It can move in different directions depending on the trends that we see in a market. But if there’s something where you really need to make a fundamental decision, we do not parallel track it. We make a bet and we generally go big on that bet. And so far our hit rate, I think, is pretty good.
And it’s avoided a lot of sort of disasters that guaranteed would’ve happened if we had tried to go both directions.
Copy LinkHow committing to the cloud created a long term advantage
EL KALIOUBY: So what’s an example where parallel tracking multiple options would’ve been disastrous.
LEVIE: Yeah, so once we pivoted into the enterprise market, which we did relatively early on a couple years into the business, and it’s a great example of just not hedging. We were all in on enterprise. We had a lot of customers that said, okay, could you deploy an on-premises version of this software?
Where we could just run it in our own data centers. And this was a time where the cloud wasn’t a hundred percent obvious. There were a lot of enterprises, especially in banks, pharma companies, governments that didn’t wanna have a cloud version of technology, they needed to be able to manage it and control it themselves.
So a lot of companies at the time were actually giving enterprises on-premises systems at the same time as building out cloud products because they wanted to be able to win the deals and not have to convince the customer to go to the cloud.
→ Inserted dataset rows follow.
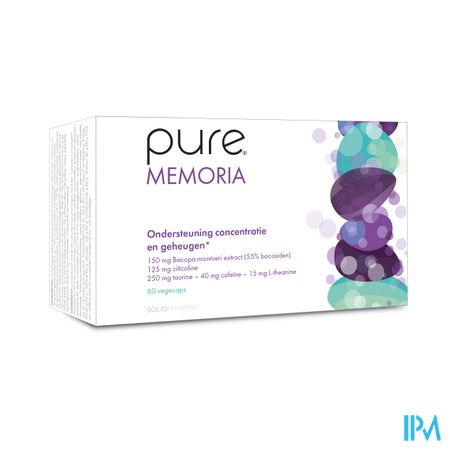 Pure Memoria is opgebouwd rond Bacopa monnieri en bevat verscheidene andere stoffen in optimale dosering met een effect op cognitie, zowel op korte als op lange termijn: op die manier verkrijgt men een veilig en synergetisch product. Zo wordt de zuivere cafeïne bijvoorbeeld gecombineerd met taurine en L-theanine (als tegenwicht). Rust, ontspanning, focus en concentratie: de ideale intellectuele mindset dus.
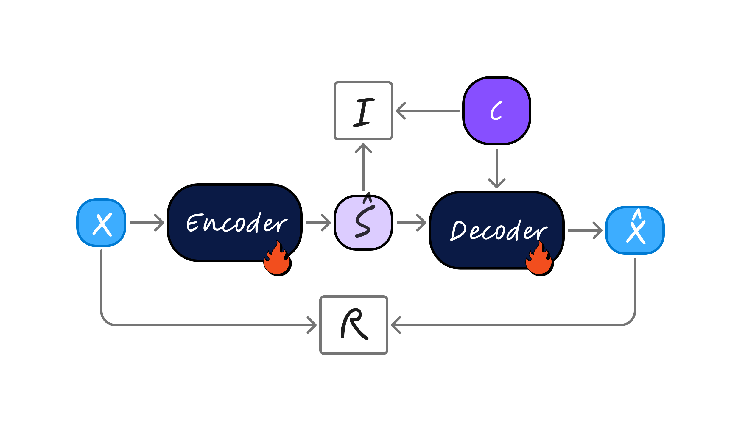 Indepedence-based Voice Conversion (IVC) consists of an encoder predicting content-like latent variable Ŝ and a decoder conditioned on speaker, emotion, or loudness embeddings C. The model is trained with discrepancy loss R and independence loss I
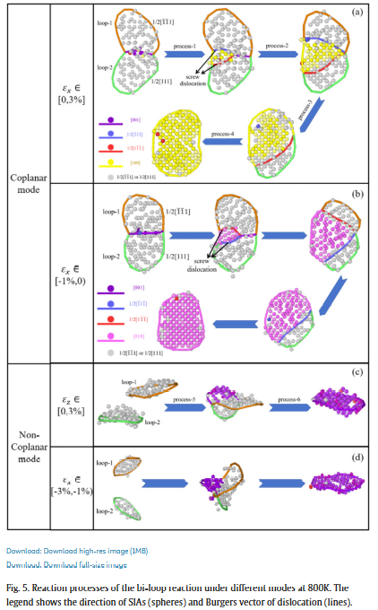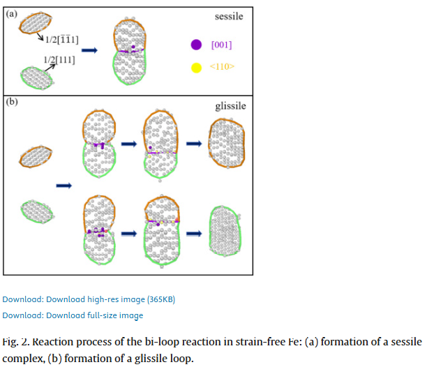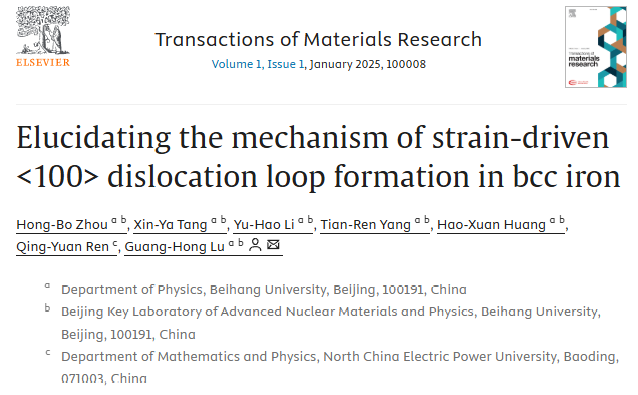 在高能粒子辐照环境下,材料内部会不断产生和演化位错环等缺陷结构,深刻影响材料的微观组织稳定性及服役性能。尤其是在体心立方(bcc)金属中,实验中频繁观测到的 <100> 位错环,因其理论稳定性低、迁移能力弱,其真实形成机制长期以来备受争议,成为辐照损伤物理中的关键科学问题之一。 围绕这一难题,北京航空航天大学吕广宏教授团队以 bcc 铁为模型体系,基于大规模分子动力学模拟,系统研究了外加各向异性应变条件下,1/2<111> 位错环相互作用与 <100> 位错环形成的原子机制。研究发现,应变不仅显著改变位错环反应路径,更可大幅降低反应能垒,从而为 <100> 位错环的“高频出现”提供了全新的物理解释。 该工作在机制层面打通了模拟—实验—预测模型之间的关键链条,为辐照损伤演化评估及抗辐照材料设计提供了重要理论支撑。 文章信息 https://doi.org/10.1016/j.tramat.2025.100008 文章亮点速览 亮点一|应变驱动 <100> 位错环形成 工作内容:通过分子动力学模拟,系统比较了无应变与单轴拉/压应变条件下,两条滑移的 1/2<111> 位错环相互作用行为,首次明确指出:在无应变条件下几乎不可能形成<100> 位错环,而外加各向异性应变可显著促进其生成。 研究价值:突破传统“位错反应需苛刻几何条件”的认知,为实验中<100> 位错环的普遍存在提供合理物理解释。 亮点二|两类原子尺度反应路径 工作内容:研究发现,在不同应变方向下,位错环反应可分别经历共面模式与非共面模式两类演化路径,涉及多中间态、多间隙原子的协同重排过程。 研究价值:系统构建 <100> 位错环形成的完整原子图景,丰富了辐照缺陷动力学的微观认知。 亮点三|应变降低反应能垒 工作内容:结合 NEB 方法与 Arrhenius 分析,定量给出了各关键反应步骤的激活能垒,并揭示其随单轴应变增加而显著降低,部分路径甚至转变为“近乎无能垒”过程。 研究价值:从动力学角度解释了应力/应变环境对辐照缺陷演化的放大效应。 亮点四|形成概率预测模型 工作内容:综合应变幅值与位错环尺寸差异,构建形成概率预测模型,并与分子动力学结果高度一致。 研究价值:为团簇动力学、动力学 Monte Carlo 等多尺度模拟提供可直接嵌入的物理模型。 文章核心图表 结语 总体而言,吕广宏教授团队围绕辐照损伤领域中极具争议的 <100> 位错环问题,从原子尺度出发,系统揭示了外加载应变在调控位错环反应路径与动力学行为中的关键作用。研究不仅澄清了 <100> 位错环“低稳定性却高出现频率”的长期矛盾,也为理解辐照条件下复杂缺陷结构的演化机制提供了坚实的理论依据。 更重要的是,该工作突破了传统位错反应模型对几何条件和尺寸匹配的严格限制,提出了一种更具普适性的形成机制,并通过定量预测模型实现了从微观机制到工程评估的跨越。 该成果对核结构材料、航天服役材料及其他极端环境用材料的辐照损伤评估具有重要指导意义,也为未来应力/应变调控缺陷演化、设计高抗辐照性能材料提供了新的研究思路与方法框架。
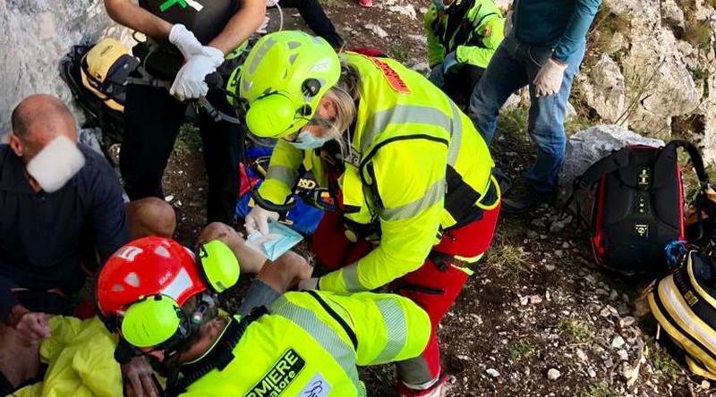 L’uomo stava camminando in salita per raggiungere la falesia quando ha perso aderenza con un piede cadendo per quattro metri d’altezza e poi ruzzolando ripetutamente, riportando diversi traumi.

We made the bet that architecturally it was gonna be way more important to be fully in the cloud because as each new innovation happened.
Mobile devices or eventually AI, you need the ability to have all of your customers have access to that technology on day one, the moment it exists. When you have customers in on-prem environments that are managing their own systems, you’re at the mercy of their upgrade cycle and how often they can keep their technology up to date.
And then what’s funny is actually the end users end up blaming the vendor. Most of the time they don’t blame their internal IT systems. They will think to themselves, oh, that Box product isn’t very easy to use ’cause it doesn’t work on my phone.
And so what we realized was we don’t want to be in a situation where we have all of these customers that have fragmented deployments of our software. We need to be able to be in control of all of the new innovation that they get. And so we basically said, we’re not gonna hedge our bets. We’re betting fully on the cloud. It will mean — and it did mean — that we will lose deals along the way.
There’ll be lots of banks that we don’t win. There’ll be lots of pharma companies, there’ll be lots of government agencies that we don’t win.
But guess what? Years later, certainly as all of our cloud customers kind of grew, they got all of the benefits of using the most modern features and technologies that were available. But probably the vast majority of the companies that said no, we have to stay on-prem, eventually realized they had to go to the cloud.
We had now a better architecture to have them move into. And all of the players that were doing the on-prem software were the software that those companies were moving from. So yes, you had to be much more patient, but if you were right architecturally you end up in a way better spot, assuming that you kind of stick to your principles.
So the general advice there is for any startup: certainly don’t hedge your bets, but absolutely don’t change your technical principles, because if you’re right, customers eventually will move to your side. If you’re wrong, the business wouldn’t have worked out anyway.
Copy LinkWhere the real enterprise value of AI will be created
EL KALIOUBY: Right. Yeah. That’s great. All right. I read somewhere that you were a magician in middle school. Are you still a magician? Do you still do magic?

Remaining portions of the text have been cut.